It is almost undeniable that cloud computing is the future. And when it comes to technology the future is now. Cloud computing is the ability to store, manage and process data in a remote server that is hosted on the internet. Essentially, it is your hard drive but out on the internet so you are able to access it anywhere from any device that is outfitted with internet. The possibilities of this technology are seemingly endless and multinational businesses want in.

This seems to have driven the most recent, and largest, deal made by IBM since changing leadership in January 2012. IBM purchased SoftLayer, a Dallas based firm that controls 13 data centers across the United States, Singapore and Amsterdam. This move increases IBM’s presence in cloud computing services and adds to their 10 data centers that they currently operate. IBM has worked to build up their cloud computing services for some time, spending over $4 billion in acquisitions. They are not the only ones who have realized the power of cloud computing.

Large multinational technology companies have worked to develop cloud computing services as the market continues to grow. Microsoft’s cloud, Windows Azure, has crossed the $1 billion in revenue threshold. Amazon still operates the largest network of cloud computing services and could reach close $5 billion in revenue by 2014. Google offers cloud computing solutions and even Apple has created a cloud where you are able to store and backup all of your iTunes files. Businesses are increasingly realizing the advantages cloud computing offers and are increasingly relying on the new technology to gain a competitive edge.

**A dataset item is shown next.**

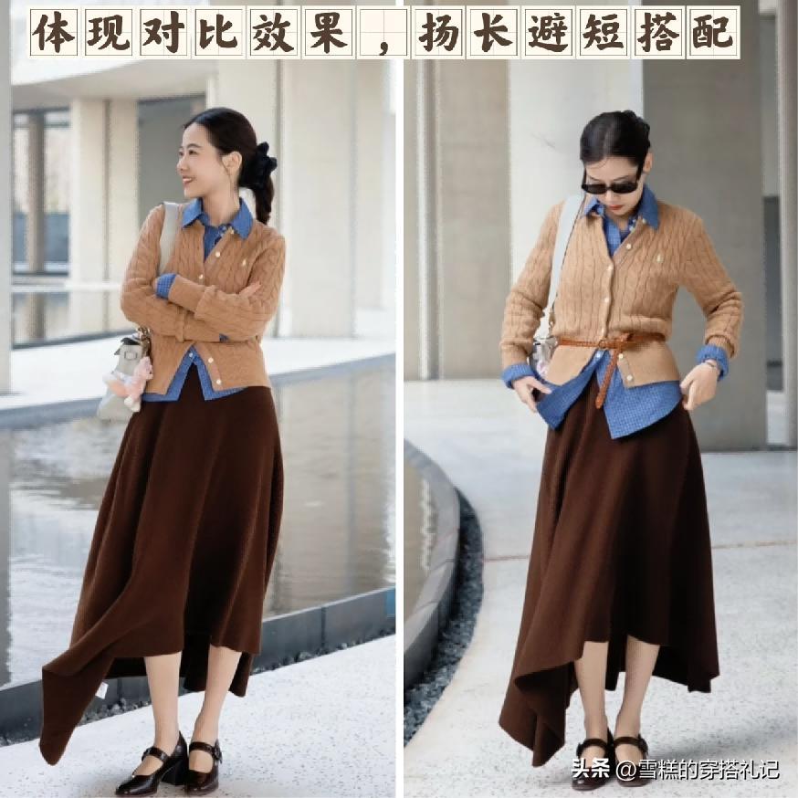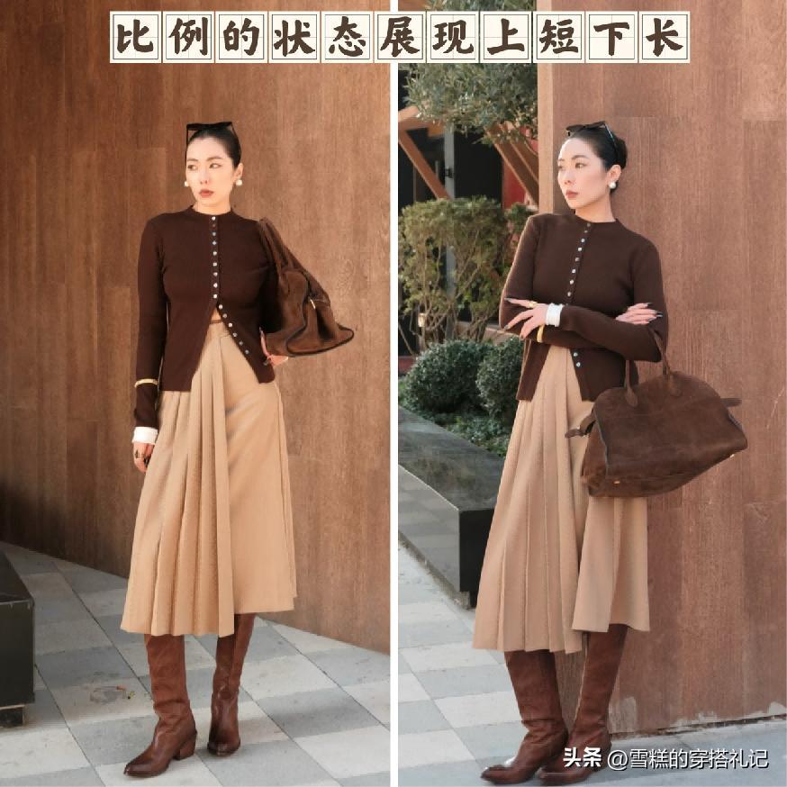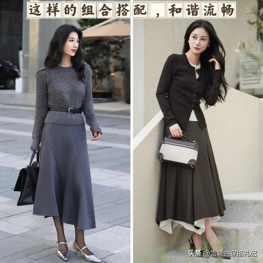 上了年紀之後,身材上如果會有一些不足的話,例如像小贅肉長得比較多,又或者是身材走樣的話,那麼建議大家針織衫這款單品在組合下半身系列的時候,最好能夠體現揚長避短的搭配,例如你的腿部比較粗壯,就可以運用修身的針織衫結和寬鬆的闊腿褲或者是百褶裙。

Cloud computing is a real innovation for international business. Operating from a cloud allows for dynamic solutions and mobility that has not existed before. You no longer have to be tied to one device or one hard drive. This allows for more collaboration and knocks down walls that have long stood in the way of international efficiency. It is no wonder why IBM has made continual investments in their cloud computing service; the problem is, they are still playing catch up.